◆ **Task brief**
Copying rule for the data below: pictures stay out, and only the lines from the one with "Мошенники создали сайты, на" down to the one with "Un disegno in", inclusive, are repeated exactly.

◆ **Record set**
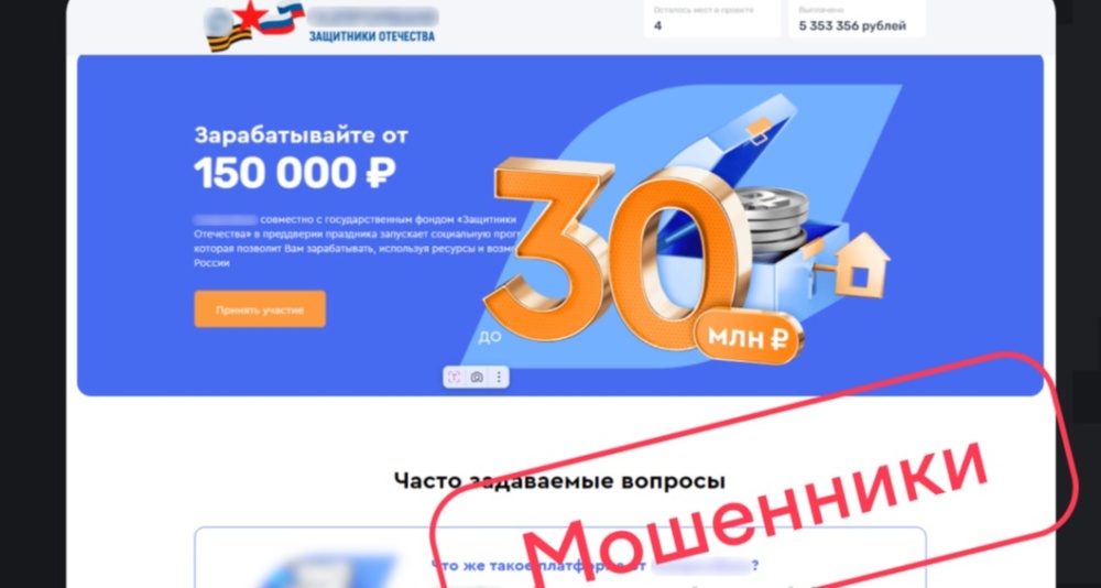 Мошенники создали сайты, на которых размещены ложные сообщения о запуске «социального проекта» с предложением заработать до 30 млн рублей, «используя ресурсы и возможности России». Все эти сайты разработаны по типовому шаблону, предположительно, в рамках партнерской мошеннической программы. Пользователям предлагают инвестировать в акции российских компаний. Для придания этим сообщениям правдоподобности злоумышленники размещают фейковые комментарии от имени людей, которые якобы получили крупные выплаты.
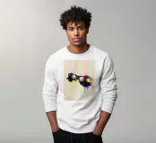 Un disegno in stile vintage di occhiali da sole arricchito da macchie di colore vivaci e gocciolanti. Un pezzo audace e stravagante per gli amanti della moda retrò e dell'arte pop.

...

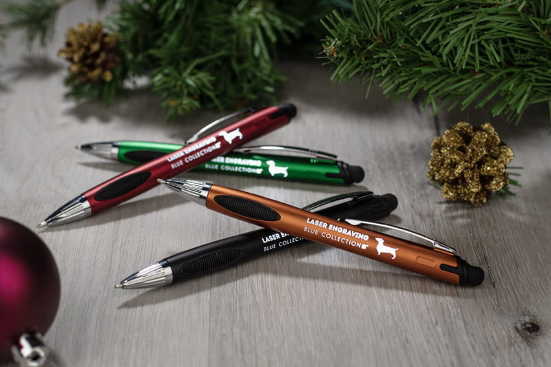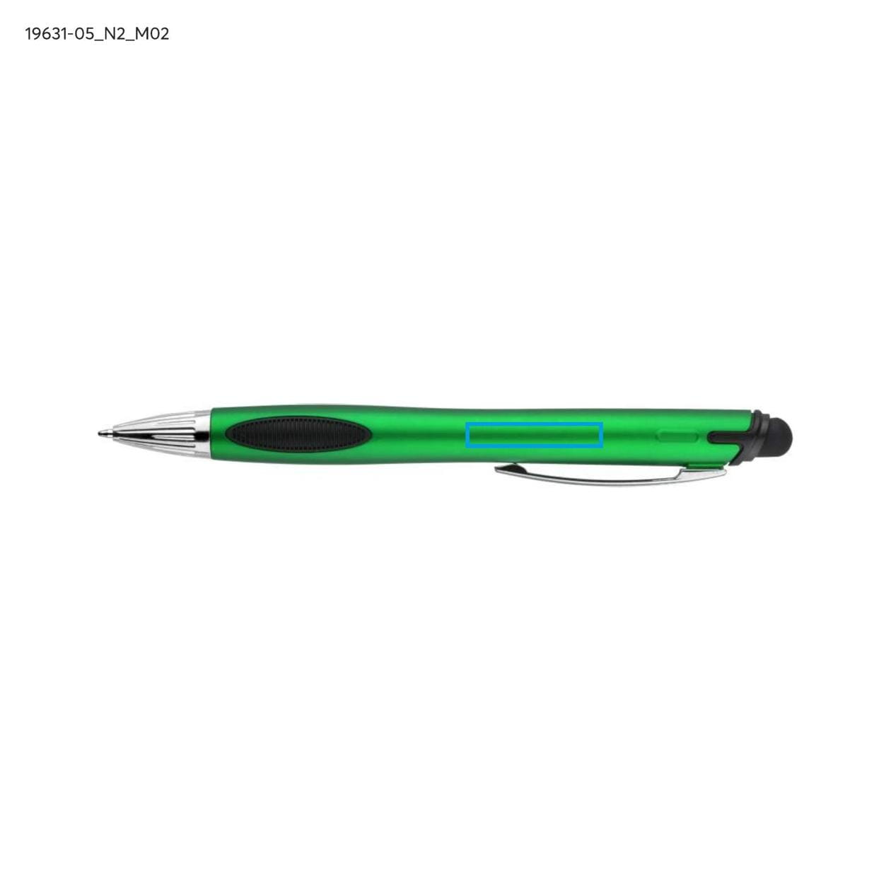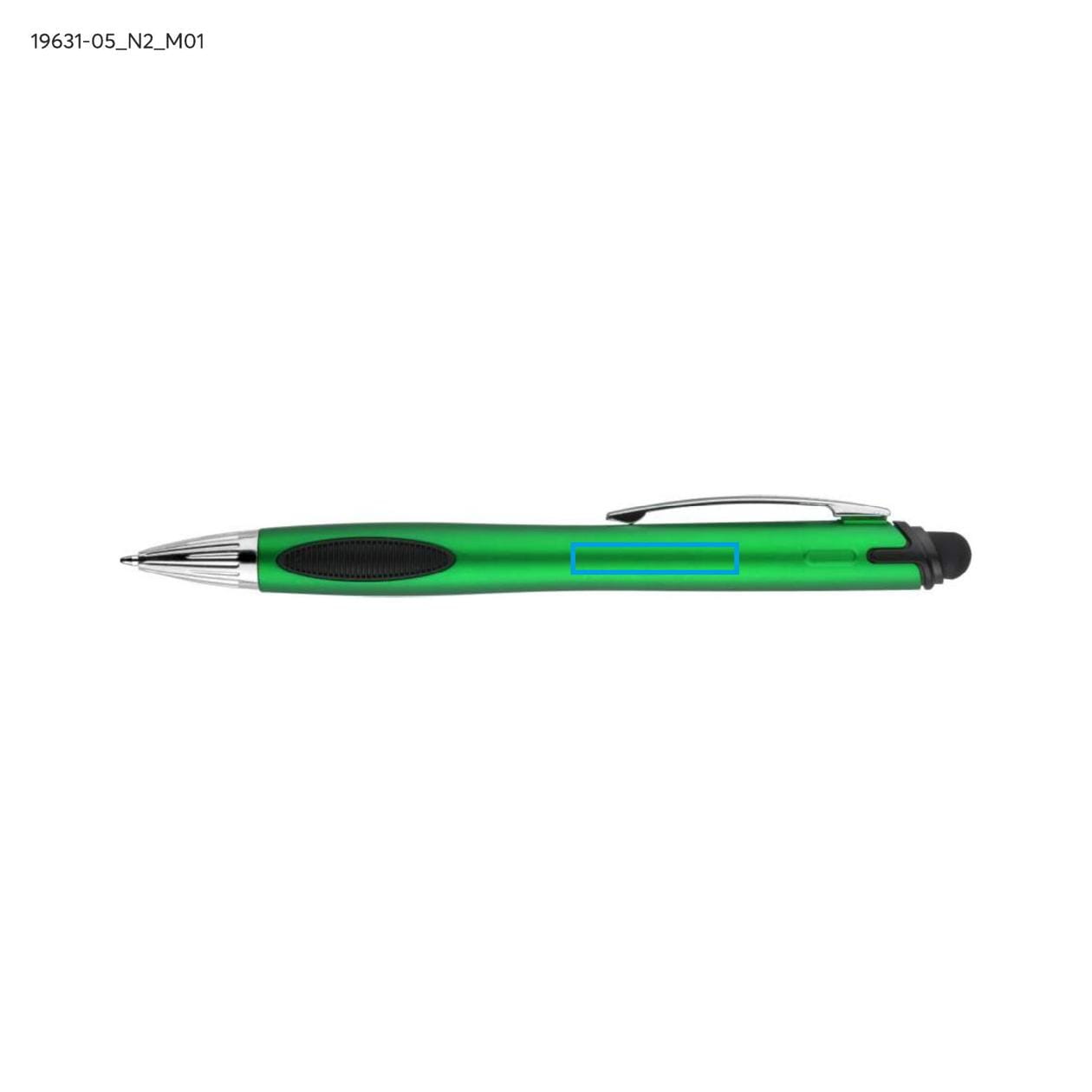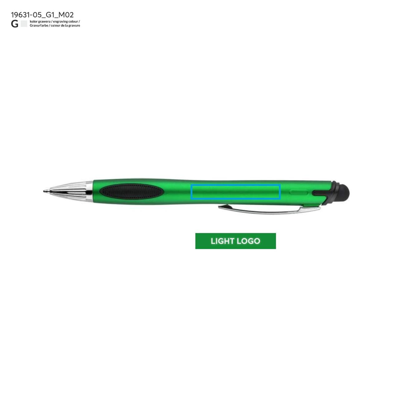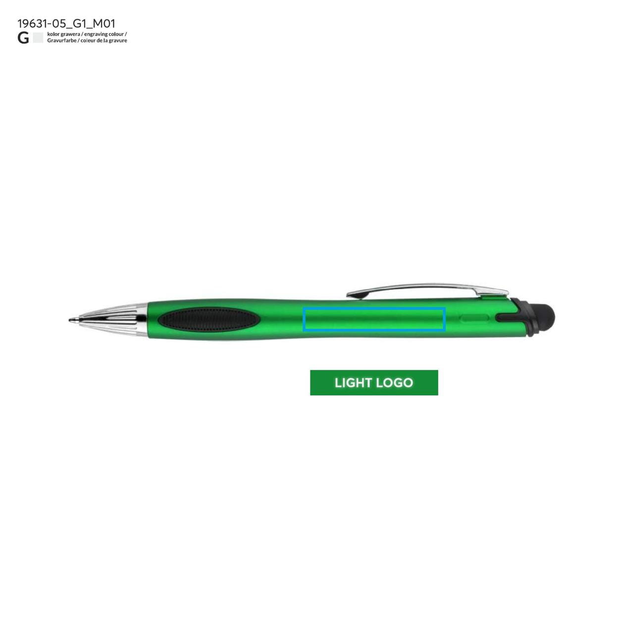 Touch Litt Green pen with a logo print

◆ **Task output**
 Мошенники создали сайты, на которых размещены ложные сообщения о запуске «социального проекта» с предложением заработать до 30 млн рублей, «используя ресурсы и возможности России». Все эти сайты разработаны по типовому шаблону, предположительно, в рамках партнерской мошеннической программы. Пользователям предлагают инвестировать в акции российских компаний. Для придания этим сообщениям правдоподобности злоумышленники размещают фейковые комментарии от имени людей, которые якобы получили крупные выплаты.
 Un disegno in stile vintage di occhiali da sole arricchito da macchie di colore vivaci e gocciolanti. Un pezzo audace e stravagante per gli amanti della moda retrò e dell'arte pop.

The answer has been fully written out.